Tutto come previsto, tranne l’astensionismo record

Le elezioni regionali sono terminate, il centrodestra (o destracentro, soprattutto) ha vinto e Francesco Rocca sarà il prossimo presidente del Lazio. Era una vittoria annunciata, anche perché la maggioranza uscente, centrosinistra (cioè Pd più partitini alleati) più M5s, è arrivata al voto divisa.

Quello che non era prevedibile (e previsto) era la portata percentuale della vittoria di Rocca, che ha superato il 50%. Ma questo è probabilmente anche un effetto del calo record dell’affluenza, giunta al limite più basso nella storia del voto nel Lazio (e a Roma), e che ha penalizzato soprattutto il centrosinistra, il cosiddetto Terzo Polo e il M5s. Certamente, però, c’è anche un “effetto Meloni”: la visibilità della premier, da poco più di 100 giorni al governo, ha portato Fratelli d’Italia a essere il primo partito e ha spinto tutta la coalizione.

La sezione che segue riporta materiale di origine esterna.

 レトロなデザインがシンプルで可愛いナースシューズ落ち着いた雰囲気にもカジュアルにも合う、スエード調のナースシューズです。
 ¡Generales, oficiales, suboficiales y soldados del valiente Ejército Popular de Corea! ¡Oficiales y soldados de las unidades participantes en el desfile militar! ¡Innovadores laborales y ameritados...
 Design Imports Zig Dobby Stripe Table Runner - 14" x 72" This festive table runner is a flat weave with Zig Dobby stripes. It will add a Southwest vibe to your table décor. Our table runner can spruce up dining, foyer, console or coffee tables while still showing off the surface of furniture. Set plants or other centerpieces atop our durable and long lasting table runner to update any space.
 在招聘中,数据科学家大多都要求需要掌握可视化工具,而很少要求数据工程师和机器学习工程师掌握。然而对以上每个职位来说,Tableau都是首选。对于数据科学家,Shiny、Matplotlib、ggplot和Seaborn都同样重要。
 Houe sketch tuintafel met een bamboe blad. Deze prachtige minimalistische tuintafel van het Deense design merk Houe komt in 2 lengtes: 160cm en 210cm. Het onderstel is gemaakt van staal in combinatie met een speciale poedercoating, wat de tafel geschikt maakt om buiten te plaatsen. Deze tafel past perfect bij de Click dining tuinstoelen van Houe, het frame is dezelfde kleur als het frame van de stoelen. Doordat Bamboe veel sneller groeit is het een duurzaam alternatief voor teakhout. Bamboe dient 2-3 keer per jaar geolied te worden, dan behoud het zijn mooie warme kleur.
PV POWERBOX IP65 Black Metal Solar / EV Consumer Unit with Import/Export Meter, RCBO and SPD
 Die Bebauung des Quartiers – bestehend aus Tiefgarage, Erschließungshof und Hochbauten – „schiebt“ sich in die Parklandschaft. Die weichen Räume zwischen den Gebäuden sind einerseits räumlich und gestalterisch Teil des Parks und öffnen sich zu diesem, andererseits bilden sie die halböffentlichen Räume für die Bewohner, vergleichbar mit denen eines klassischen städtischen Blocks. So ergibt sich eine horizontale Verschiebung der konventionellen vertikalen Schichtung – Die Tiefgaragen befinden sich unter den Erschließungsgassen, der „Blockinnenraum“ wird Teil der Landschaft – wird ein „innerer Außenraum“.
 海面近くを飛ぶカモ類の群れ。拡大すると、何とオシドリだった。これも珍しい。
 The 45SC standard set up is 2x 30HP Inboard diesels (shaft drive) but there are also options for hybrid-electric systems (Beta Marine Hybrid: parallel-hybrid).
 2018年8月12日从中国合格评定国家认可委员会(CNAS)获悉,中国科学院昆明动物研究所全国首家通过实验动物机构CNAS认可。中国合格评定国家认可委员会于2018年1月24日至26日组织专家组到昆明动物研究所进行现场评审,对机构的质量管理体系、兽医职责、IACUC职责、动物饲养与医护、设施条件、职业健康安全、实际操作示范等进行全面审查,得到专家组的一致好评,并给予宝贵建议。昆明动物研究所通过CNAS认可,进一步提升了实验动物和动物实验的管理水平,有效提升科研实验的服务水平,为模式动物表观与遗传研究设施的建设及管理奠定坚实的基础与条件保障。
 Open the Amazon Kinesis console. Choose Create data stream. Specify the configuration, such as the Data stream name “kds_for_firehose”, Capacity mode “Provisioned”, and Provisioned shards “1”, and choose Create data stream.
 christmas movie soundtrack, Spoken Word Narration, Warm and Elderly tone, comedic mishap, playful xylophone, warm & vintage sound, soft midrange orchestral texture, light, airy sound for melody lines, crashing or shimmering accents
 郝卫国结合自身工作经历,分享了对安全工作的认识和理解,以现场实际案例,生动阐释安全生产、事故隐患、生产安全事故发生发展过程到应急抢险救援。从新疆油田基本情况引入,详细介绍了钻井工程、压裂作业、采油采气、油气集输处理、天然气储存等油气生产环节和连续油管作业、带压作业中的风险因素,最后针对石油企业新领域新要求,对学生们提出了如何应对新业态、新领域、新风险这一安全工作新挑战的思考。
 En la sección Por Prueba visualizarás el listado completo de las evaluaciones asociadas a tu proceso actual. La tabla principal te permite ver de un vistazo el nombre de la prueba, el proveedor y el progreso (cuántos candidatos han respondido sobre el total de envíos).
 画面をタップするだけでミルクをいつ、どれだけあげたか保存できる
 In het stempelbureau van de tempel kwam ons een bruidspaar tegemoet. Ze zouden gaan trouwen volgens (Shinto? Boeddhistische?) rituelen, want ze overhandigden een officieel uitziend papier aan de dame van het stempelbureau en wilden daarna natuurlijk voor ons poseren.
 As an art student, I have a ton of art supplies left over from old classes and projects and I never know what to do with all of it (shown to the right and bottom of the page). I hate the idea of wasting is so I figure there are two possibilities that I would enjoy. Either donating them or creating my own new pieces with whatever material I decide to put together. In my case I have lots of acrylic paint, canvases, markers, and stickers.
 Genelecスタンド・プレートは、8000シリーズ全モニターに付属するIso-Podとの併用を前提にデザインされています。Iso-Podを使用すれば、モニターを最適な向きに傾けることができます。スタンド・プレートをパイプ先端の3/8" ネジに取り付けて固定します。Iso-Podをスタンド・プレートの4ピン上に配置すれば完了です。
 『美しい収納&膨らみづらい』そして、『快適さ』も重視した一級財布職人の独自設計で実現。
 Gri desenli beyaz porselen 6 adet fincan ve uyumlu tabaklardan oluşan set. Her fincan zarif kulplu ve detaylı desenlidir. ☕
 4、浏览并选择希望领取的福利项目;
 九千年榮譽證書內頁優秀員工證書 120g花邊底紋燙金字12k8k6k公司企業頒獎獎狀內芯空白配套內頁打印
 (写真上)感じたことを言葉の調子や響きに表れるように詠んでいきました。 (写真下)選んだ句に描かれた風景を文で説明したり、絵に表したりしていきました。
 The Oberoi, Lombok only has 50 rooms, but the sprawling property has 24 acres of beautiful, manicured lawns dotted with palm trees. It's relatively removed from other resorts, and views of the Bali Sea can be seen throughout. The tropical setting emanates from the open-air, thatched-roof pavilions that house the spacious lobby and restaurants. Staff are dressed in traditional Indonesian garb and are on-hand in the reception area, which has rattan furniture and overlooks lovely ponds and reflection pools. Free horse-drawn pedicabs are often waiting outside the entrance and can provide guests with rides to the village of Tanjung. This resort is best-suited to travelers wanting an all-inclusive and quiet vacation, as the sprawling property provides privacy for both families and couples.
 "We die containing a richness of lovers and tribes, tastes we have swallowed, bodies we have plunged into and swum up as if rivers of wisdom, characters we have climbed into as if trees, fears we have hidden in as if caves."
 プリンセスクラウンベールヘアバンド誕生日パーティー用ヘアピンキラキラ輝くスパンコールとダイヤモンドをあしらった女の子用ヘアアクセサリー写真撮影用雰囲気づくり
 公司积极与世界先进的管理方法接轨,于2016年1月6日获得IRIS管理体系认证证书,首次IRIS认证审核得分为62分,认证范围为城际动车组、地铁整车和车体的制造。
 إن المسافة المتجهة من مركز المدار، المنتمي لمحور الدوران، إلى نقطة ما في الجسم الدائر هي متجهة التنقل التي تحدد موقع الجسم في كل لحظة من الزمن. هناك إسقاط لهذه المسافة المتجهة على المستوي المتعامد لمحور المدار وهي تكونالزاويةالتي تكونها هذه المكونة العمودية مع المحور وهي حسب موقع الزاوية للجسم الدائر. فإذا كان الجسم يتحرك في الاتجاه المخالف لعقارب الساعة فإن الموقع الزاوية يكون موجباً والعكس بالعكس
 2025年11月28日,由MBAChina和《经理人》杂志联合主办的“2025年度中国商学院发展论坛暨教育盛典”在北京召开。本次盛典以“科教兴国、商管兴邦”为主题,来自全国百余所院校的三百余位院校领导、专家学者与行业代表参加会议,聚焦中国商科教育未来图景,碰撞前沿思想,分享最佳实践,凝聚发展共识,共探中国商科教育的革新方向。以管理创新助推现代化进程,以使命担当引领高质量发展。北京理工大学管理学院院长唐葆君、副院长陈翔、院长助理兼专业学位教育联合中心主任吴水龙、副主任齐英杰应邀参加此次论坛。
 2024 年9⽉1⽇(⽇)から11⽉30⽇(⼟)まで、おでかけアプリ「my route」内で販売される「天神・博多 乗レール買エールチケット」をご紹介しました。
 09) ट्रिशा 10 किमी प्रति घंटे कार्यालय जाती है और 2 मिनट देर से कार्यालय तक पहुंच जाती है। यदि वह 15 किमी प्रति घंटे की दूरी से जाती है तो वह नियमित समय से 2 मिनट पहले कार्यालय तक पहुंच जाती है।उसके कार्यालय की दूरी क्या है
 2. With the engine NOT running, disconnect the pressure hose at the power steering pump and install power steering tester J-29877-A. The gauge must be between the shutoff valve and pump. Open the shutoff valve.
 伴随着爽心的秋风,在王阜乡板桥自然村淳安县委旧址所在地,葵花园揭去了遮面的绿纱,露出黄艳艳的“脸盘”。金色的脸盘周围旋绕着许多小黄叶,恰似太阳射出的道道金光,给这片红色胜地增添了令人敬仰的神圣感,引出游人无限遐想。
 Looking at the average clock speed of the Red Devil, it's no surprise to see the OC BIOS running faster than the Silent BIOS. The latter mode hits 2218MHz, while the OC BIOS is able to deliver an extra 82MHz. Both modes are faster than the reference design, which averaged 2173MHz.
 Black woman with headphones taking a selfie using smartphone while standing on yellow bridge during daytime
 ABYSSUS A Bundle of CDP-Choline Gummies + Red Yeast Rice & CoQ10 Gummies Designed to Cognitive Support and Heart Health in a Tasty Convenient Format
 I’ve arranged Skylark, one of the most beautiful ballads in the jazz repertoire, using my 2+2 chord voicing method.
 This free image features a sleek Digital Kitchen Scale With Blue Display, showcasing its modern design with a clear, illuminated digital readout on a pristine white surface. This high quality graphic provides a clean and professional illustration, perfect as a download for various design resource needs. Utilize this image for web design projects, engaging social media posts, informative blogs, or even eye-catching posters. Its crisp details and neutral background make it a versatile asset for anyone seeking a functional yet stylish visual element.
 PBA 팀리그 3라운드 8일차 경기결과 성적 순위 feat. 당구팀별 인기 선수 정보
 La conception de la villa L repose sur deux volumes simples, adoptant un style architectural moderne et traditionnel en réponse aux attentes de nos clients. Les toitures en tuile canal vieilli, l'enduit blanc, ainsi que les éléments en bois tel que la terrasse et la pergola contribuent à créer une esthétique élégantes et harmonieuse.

Il Pd ha tenuto, ottenendo il 21%  – nonostante in questa fase sia concentrato soprattutto su se stesso, per le primarie sul nuovo segretario –  mentre il M5s è andato molto sotto le attese, come gli succede spesso nel voto regionale o locale. Anche la lista di Carlo Calenda (e del suo partner in ombra Matteo Renzi) è andata peggio del previsto. Questo però non cambierà a breve i rapporti tra le tre forze politiche: è prevedibile che, in mancanza di novità, la conflittualità-concorrenza continuerà senza sosta fino almeno alle elezioni europee del 2024, nel tentativo di stabilire una supremazia.

La scarsissima affluenza dovrebbe essere oggetto di riflessione di tutte le forze politiche, e soprattutto tra Azione, centrosinistra – non solo il Pd – e M5s. Ma non è detto che sarà così. Perché mentre al referendum chi non vota conta, se non altro per affossare il quesito referendario, in questo caso l’astensione potrebbe al massimo rappresentare un richiamo morale, ma nulla di più. 

In quanto ai tre esponenti principali di questa disfida elettorale, a Francesco Rocca – che viene dall’esperienza in Croce Rossa e che gode di buona considerazione anche fuori dalla sua area politica – tocca dimostrare soprattutto che la destra al governo non taglierà ancora la sanità pubblica né farà saltare i conti, né farà la guerra al Campidoglio in un momento in cui si prepara il Giubileo e la candidatura della città all’Expo 2030 e i rifiuti restano un grosso problema.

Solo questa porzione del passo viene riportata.